A comprehensive look at how CullVue's semantic search works under the hood, from the model that powers it to tips for getting the best results.

How Semantic Search Works

Traditional photo search relies on filenames, dates, or tags you have manually applied. Semantic search is fundamentally different. It understands what is in your photos and lets you find them by describing their visual content in plain language.

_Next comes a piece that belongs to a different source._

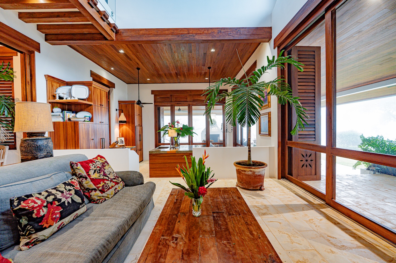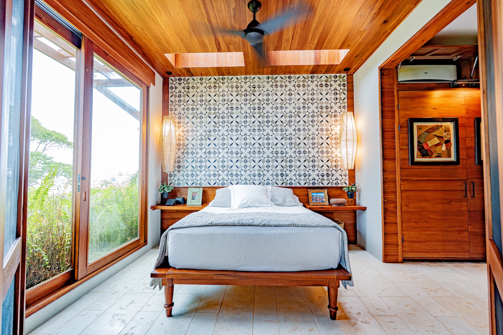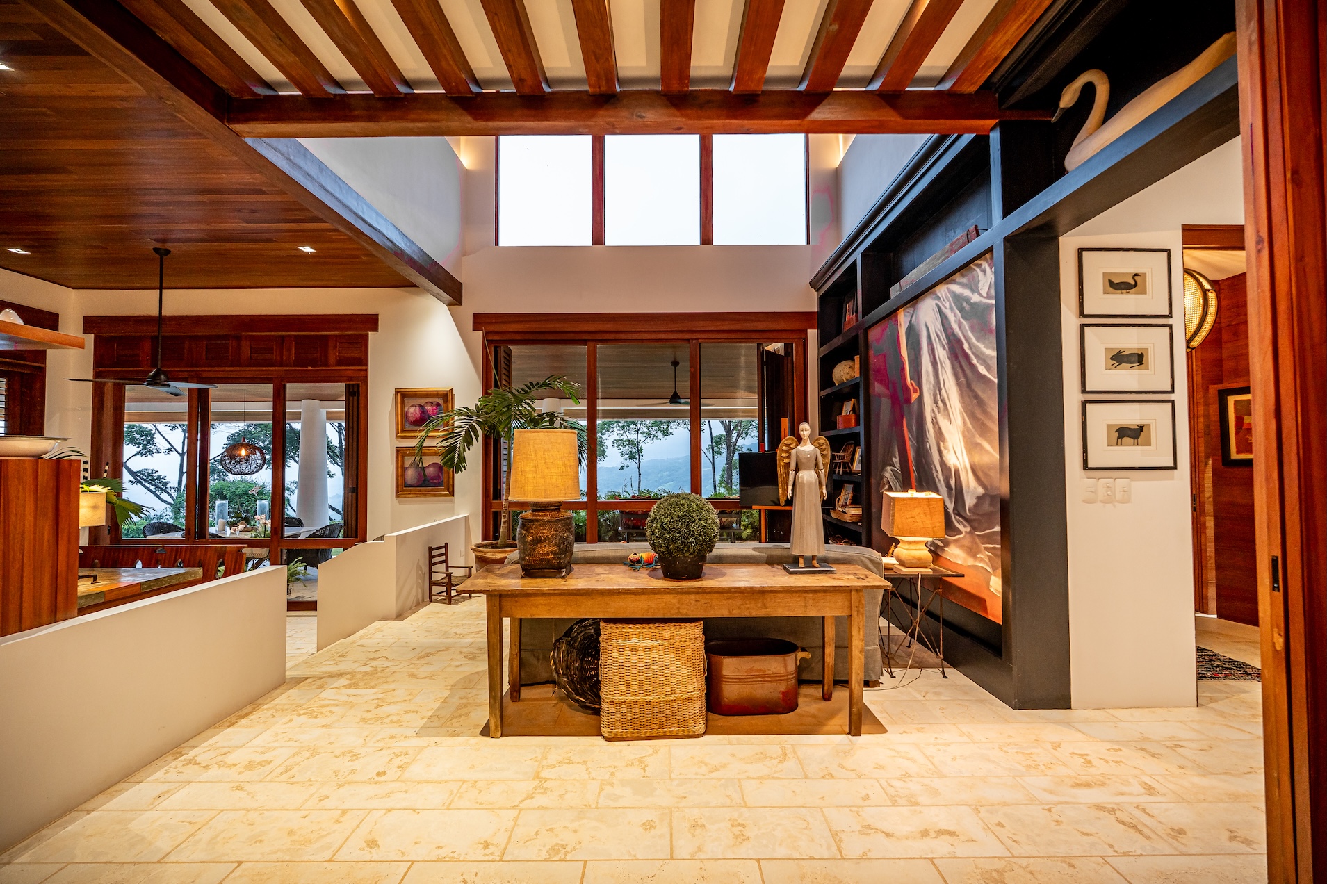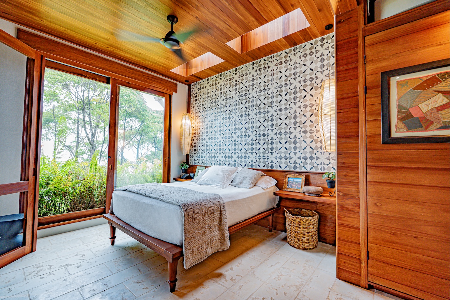 La propiedad cuenta con 2 amplios dormitorios, 2 baños completos, una oficina privada y muebles hechos a medida, todo pensado para brindar confort y funcionalidad en armonía con el clima local. Desde el segundo nivel y la azotea, se disfrutan espectaculares vistas al mar, mientras que las majestuosas cordilleras de Chirripó y Talamanca ofrecen un paisaje imponente desde los patios y áreas sociales.

The process works in three stages:

1. Embedding generation

When you add a watch folder, CullVue runs each image through a vision model to produce a compact numerical representation called an embedding. An embedding is a high-dimensional vector (a list of numbers) that captures the visual content of the photo: the objects, scenes, colors, textures, and composition. Two photos of a sunset at a beach will have embeddings that are numerically close to each other, even if the photos were taken on different cameras at different beaches.

2. Query encoding

When you type a search query such as "sunset at the beach", the same model converts your text into the same embedding space. The text embedding lands near the region of image embeddings that visually match your description.

3. Similarity matching

CullVue compares your text embedding against every image embedding in your library using cosine similarity, a mathematical measure of how close two vectors are in direction. The results are ranked by similarity score and the most relevant matches are displayed first. This entire comparison happens in milliseconds, even for libraries with tens of thousands of photos.

The MobileCLIP-S2 Model

CullVue uses MobileCLIP-S2 as its vision-language model. MobileCLIP is a family of efficient CLIP (Contrastive Language-Image Pre-training) models designed specifically for on-device inference.

What is CLIP?

CLIP is a type of model that learns to associate images and text in a shared embedding space. It was trained on a large dataset of image-text pairs so that it understands the relationship between visual content and natural language descriptions. This is what makes it possible to search for photos by typing a sentence rather than relying on keywords or filenames.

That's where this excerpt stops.